Although she covered everything, her specialty was veterans and military affairs. After every reporting trip with Wisconsin’s troops, Jones spent the first few days back at her desk, calling their families to share updates and personal messages.
She remembered one young Marine whom she met in Afghanistan in 2008. More than a decade later, her newspaper covered his funeral after the veteran, Matthew Rittner, was fatally shot while on-duty as Milwaukee police officer.
She captured the feeling of many in the city when she wrote: “It doesn’t seem right for a guy who survived so much in a land so far away to die in a blast through a door by an unseen enemy in a city he had spent almost half his life protecting and making safe.”
“That’s so senseless. That’s so wrong.”
Jones was born in Rhinelander and grew up in Whitewater. Her mother said even from an early age, she had a love of writing and history.
Jones, indeed, studied journalism and history at the University of Wisconsin-Madison, where she rowed on the crew team and played drums in the marching band.

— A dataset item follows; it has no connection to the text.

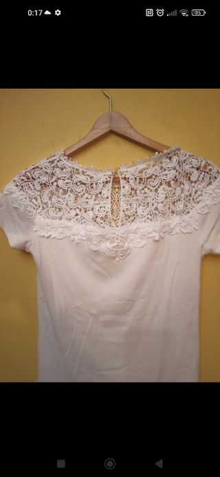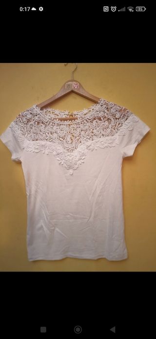 Preciosa camiseta/blusa con encaje .Está nueva ,sirve hasta la talla L completita.

She often returned to campus to perform with the alumni band.
“I’ve probably played ‘On Wisconsin’ literally thousands and thousands of times,” she said in a Journal Sentinel video about the band’s fight song.
“I’m not anybody famous, I’m not a star athlete, I’m not anybody that anybody is ever going to cheer for and yet for two minutes on a Saturday afternoon in the fall, once a year, man, I feel like a rock star,” she said, describing the alumni performance. “It is just so, so cool, and at the heart of that is ‘On Wisconsin.’ It’s just so darn exciting.”
Jones cheered for her beloved Badgers, Brewers, Bucks and of course, the Packers, with devotion and gusto. She often switched desks during her weekend shifts to have a better view of whatever game was on that afternoon.
She traveled the world, meeting new people and learning new things. She liked to read fictional works about the places she was about to visit or books written by authors from those places. She once prepared for a trip on the Orient Express by reading Agatha Christie’s classic detective novel that took place on the same train.
Once people met her, they were no longer strangers or sources or colleagues; They were friends. Jones kept regular correspondence with them, writing longhand letters on stationery. Sometimes, she tucked in clippings of articles that had made her think of that person.
Every day she came into the newsroom, she greeted everyone she passed by name.
And that was quintessentially Jones, said Devi Shastri, Milwaukee Newspaper Guild president, in her obituary.
She “made everyone around her feel seen and valued,” Shastri said.